Sure. At the same time they provide useful input from real users too. Humans are good at spotting fake from real input on this kind of surveys. In the end it is merely a way of including ideas and details that sometimes are overlooked.

Source: I've supported some of the European Union activities.


Online surveys are a horrible idea for this kind of information gathering

It skews the demographic towards people who spend alot of time online and like to do surveys. Most working people won't have the time or even know it's there. They might as well set policy by which memes get the most likes.


TimeZone McClockFace


funny argument. you think it's a horrible idea, propose a flawed way to do it, and debunk it to serve your initial idea. :)

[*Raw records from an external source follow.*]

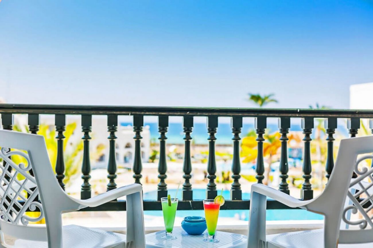 В стаите: Хотелът разполага с 504 стаи, разпределени в три сгради, като основната сграда има два асансьора - Standard Room (26 кв.м), Standard Room Sea/ Pool View (29 кв.м), Family Room Garden View (38 кв.м), Connecting Room (стаи със свързана врата), Connected Room Sea & Pool View (стаи със свързана врата и морска гледка или гледка басейн) и Suite Sea View (60 кв.м с хол). Всички стаи са оборудвани с климатик, телевизор, баня с душ/вана, сешоар, тоалетни принадлежности, минибар, сейф (платено), балкон или тераса. Почистване на стаите- всеки ден.
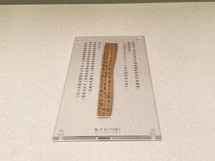 简牍是纸张普遍使用之前最重要的书写载体。从目前发现时代最早的曾侯乙墓竹简,到东晋末年,存续了千年之久。罗恰介绍,此次展出的甘肃武威旱滩坡19号晋墓前凉驸马都尉木牍,由甘肃简牍博物馆收藏,是上展展品中年代最晚的一件简牍文物,年代即为东晋末年。
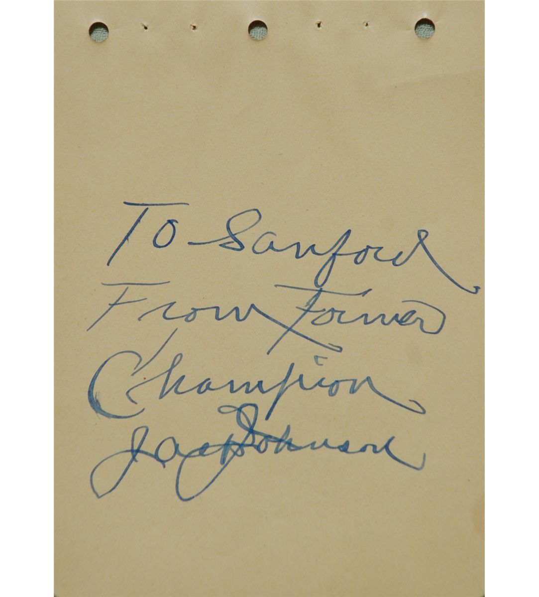 Colorful African-American boxer (1878–1946) who held the world heavyweight championship from 1908 to 1915 and whose achievements in and out of the ring created an unprecedented storm of racially charged controversy. Very rare full vintage fountain pen signature and inscription, “To Sanford from Former Champion Jack Johnson, Good luck,” on an light yellow 4.5 x 3.75 album page,
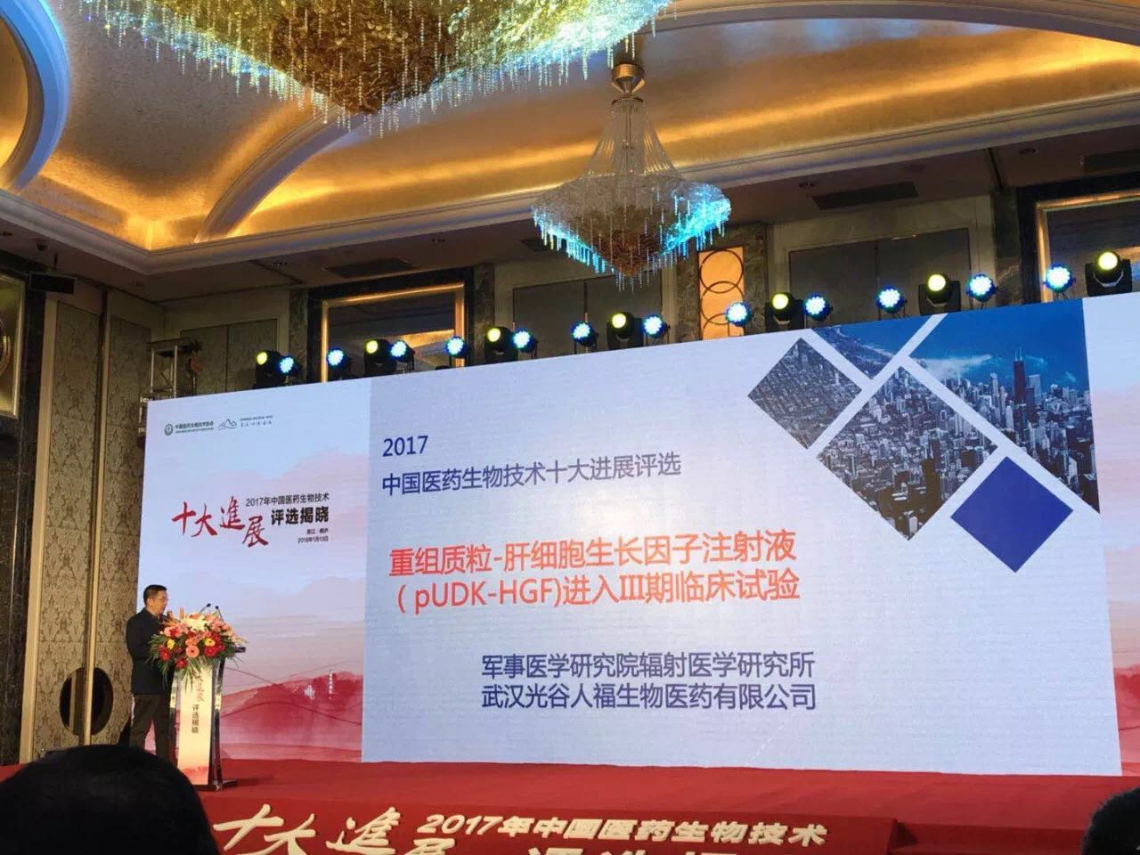 1月13日,由中国医药生物技术协会和《中国医药生物技术》杂志社共同主办的“2017年中国医药生物技术十大进展评选揭晓”活动在浙江桐庐举行,YY易游m6米乐集团的“重组质粒-肝细胞生长因子注射液进入Ⅲ期临床”项目最终入选。出席本次活动的嘉宾有评选专家团代表魏于全院士、程京院士,主办和承办单位的领导、投资人和企业家、中央及地方十余家媒体记者。
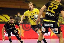 Timotej Grmsek in action during semi-final of EHF European Cup m match between Gorenje Velenje and AEK Athens in Velenje, Slovenia on April 24, 2021
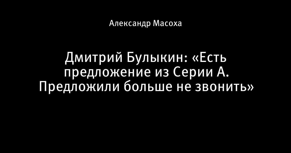 Дмитрий Булыкин: «Есть предложение из Серии А. Предложили больше не звонить»
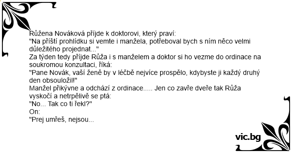 "Pane Novák, vaší ženě by v léčbě nejvíce prospělo, kdybyste ji každý druhý den obsouložil!"
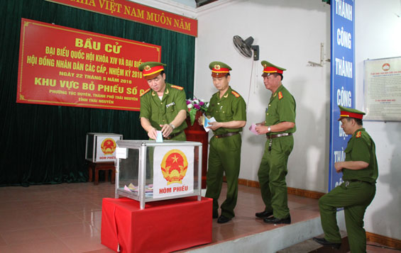 Các cử tri là cán bộ, chiến sĩ công an tham gia bỏ phiếu tại khu vực bỏ phiếu số 6 phường Túc Duyên, T.P Thái Nguyên.
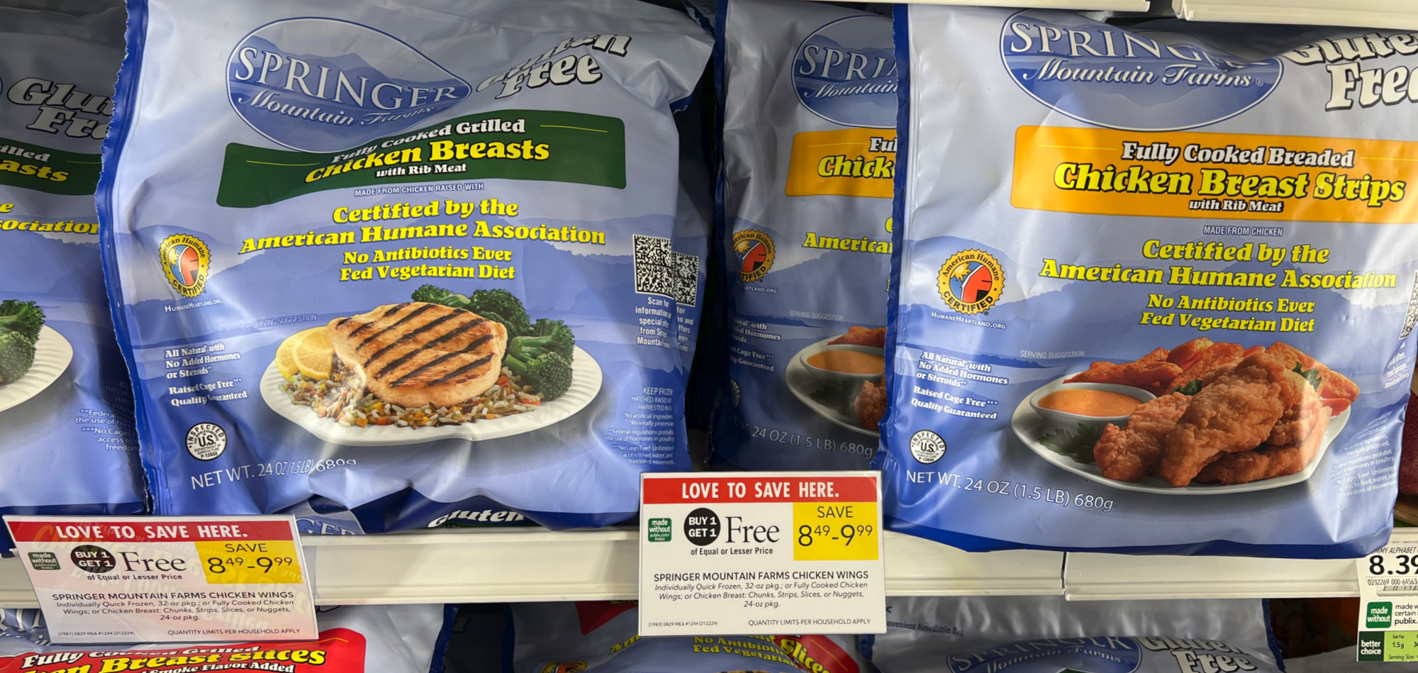Right now you can pick up the bags of Springer Mountain Farms Frozen Chicken at a super discount. Check your last email, print your coupon and get the chicken as low as $2.75 the next time you shop.
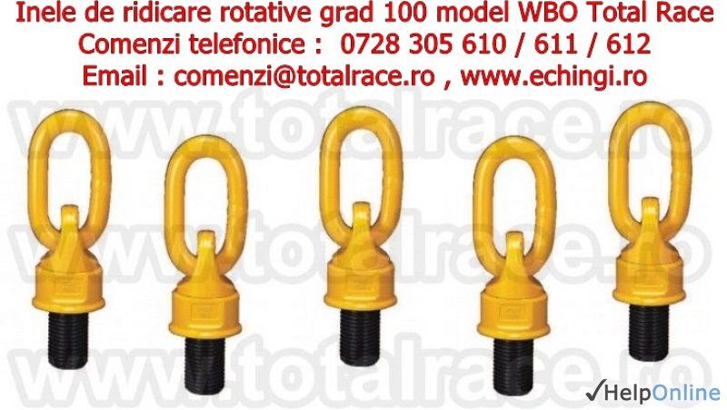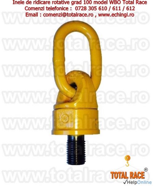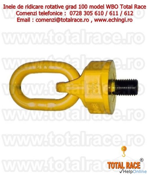 Total Race Romania livreaza din stoc Bucuresti inele flexibile ridicare model WBO, ocheti ridicare cu livrare din stoc Bucuresti, puncte prindere cu fixare prin insurubare, inele ridicare rotative cu articulatie, inele pivotante, inele de ridicare cu surub model WBO, elemente prindere rotative, echipamente ridicare rotative, ocheti ridicare cu surub, ocheti ridicare rotativi, surub rotativ capacitati mari, inele surub rotativ model WBO dimensiuni M8 - M36, puncte ridicare, ocheti ridicare flexibili stoc Bucuresti capacitati intre 0, 6 tone si 15 tone, punct ridicare Galben/ Yellow Point(YP) stoc Bucuresti.
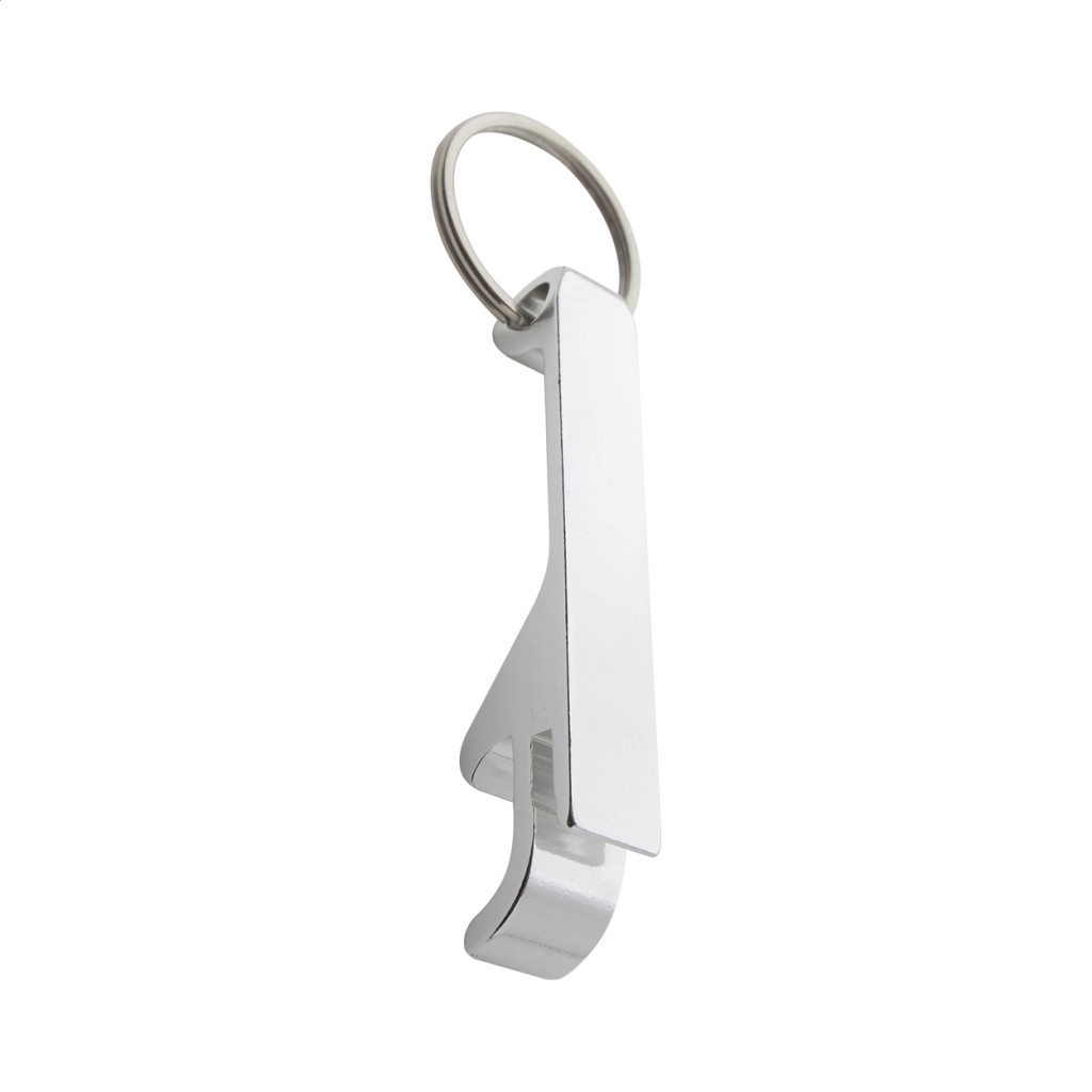 Alumíniumból készült üvegnyitó, kulcskarikával.

how you do think online voting is done? you really think a simple VPN is enough?

oh, and btw.. I send my tax statement online. let's hope the russians don't have a VPN connection to Switzerland :)


One doesn't even need a VPN -- anyone can submit a response. It's basically on the honor code.

https://ec.europa.eu/info/consultations_en


So? It's not a vote, it's a consultation. The idea being that anyone can give their input on the matter so it doesn't matter who is responding. The voting part, if it comes to that, comes later by the European Parliament.


Note that the European Parliament can't initiate legislation[1], and the Council appears to be able to ignore Parliament's opinion.

"The European Parliament may approve or reject a legislative proposal, or propose amendments to it. The Council is not legally obliged to take account of Parliament’s opinion but in line with the case-law of the Court of Justice, it must not take a decision without having received it"

[1] http://www.europarl.europa.eu/about-parliament/en/powers-and...


Note that you quoted the special "Consultation" procedure instead of the ordinary legislative procedure where EP has more power.

According to the page, the consultation procedure "is applicable in a limited number of legislative areas, such as internal market exemptions and competition law".


There seems to be a distinct lack of evidence that the veto powers are actually used, though; the backroom deals are alive and well?